The cop stared at him for a moment, then shrugged. "The hospital over Ninth Avenue, just north of here."

"Thanks," said Raven.

He turned and began walking away before the cops thought to ask him any questions, and in another twenty minutes he entered the hospital and walked right up to the reception desk.

"May I help you?" asked a receptionist who was clad all in white.

"There was a shooting over on Fifth Avenue close to an hour ago," he began.

"Yes," said the receptionist. "It was quite a tragedy. I'm afraid one of the men was dead on arrival."

"What about the woman?"

She frowned. "What woman?"

"Two men and a woman were shot," said Raven. "I'm interested in the woman."

She shook her head and stared at him strangely. "There was no woman. There were just two men."

"There had to be!" said Raven. "I was there!"
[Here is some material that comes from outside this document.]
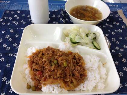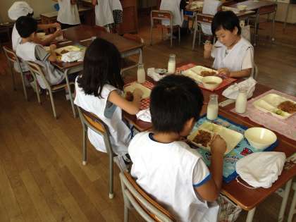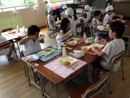 今日の給食は、昨年度の学校給食献立コンクールで最優秀賞をとった献立でした。東成区の神路小学校6年1組のみんなが考えた献立です。内容はタコスライス、もずくと白ネギのスープにグリーンサラダという夏メニューでした。タコスライスはカレー風味で食欲がアップするように工夫されていました。1年生も、しっかりと食べていました。
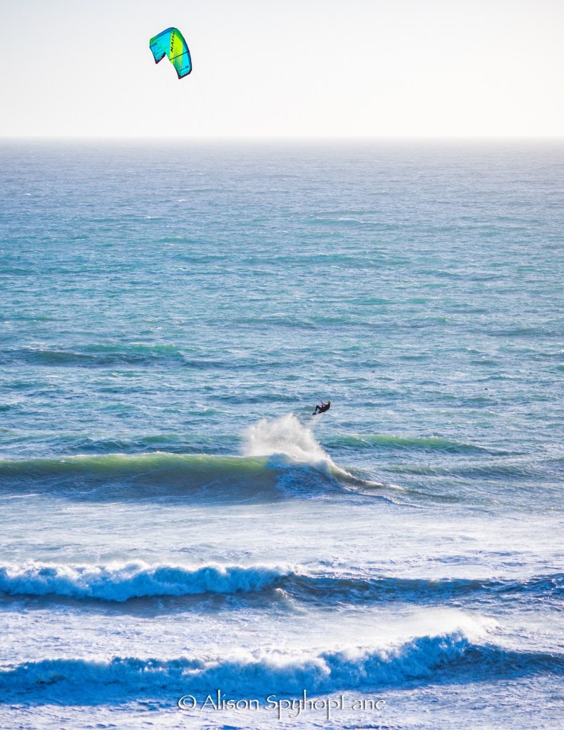 Surfers enjoyed wind surfing in the late afternoon. At Westward Beach there was evidence of yesterday’s rain storm with wide run off swales cut into the beach and large tree trunks littered the beaches along the coast.

She checked some papers on her desk. "I'm sorry, sir. There were two men and no one else. And, as I said, one of them was dead." She looked at the papers. "His name was Mako."

"May I speak to the other one?"

"I'm afraid not, sir," she replied. "He's in surgery even as we speak."

"Has he got a name?"

She frowned again. "I thought he was your friend."

"The woman was my friend," said Raven.

"I told you, sir," she said irritably, "we have no record of a woman."

Don't keep mentioning her, Raven told himself, or they'll think you're the nut who shot the other two.

"Right," said Raven. "My mistake. Can you tell me the name of the survivor?"

"Rofocale," she said.

He frowned. "Is that a first name or a last name?"

She shrugged. "Beats me."

"Can you tell me what room he's in? I'd like to speak to him when he's out of surgery."

"He'll be heavily sedated," she said.

Cool it, Eddie, he told himself. She already thinks you're only operating on one or two cylinders. Nag any more about this Rofocale and she'll think you shot him-and there are cops bringing in druggies and crash victims to the hospital every couple of minutes.

"Thank you, ma'am," said Raven. "Take good care of him."

"According to these reports he was in a bad way," she said. She stared at him for a long moment. "You weren't really there, were you?"

"No, ma'am," he answered. "I'm a reporter. Just trying to get my story before all my rivals descend upon you."

She smiled and nodded her head. "I thought so," she said in a self-satisfied tone.

And suddenly Raven saw a tiny opening. He pulled out his tablet, activated it, and asked for her name.

"My name?" she responded.

He nodded. "If you can let me see him before the rest of the press gets here, the least I can do is mention your name in the article."

"How very thoughtful of you," she said. "It's Mildred."

"Just Mildred?"

"You'll never be able to spell the last name." She scribbled it down on a piece of paper and handed it to him. "Here you are."

"Thanks, Mildred," said Raven, tucking the paper into a pants pocket.

He was about to turn and leave, and try again when she was off duty, but she crooked an index finger, gesturing him to lean forward. "He's in critical care," she whispered.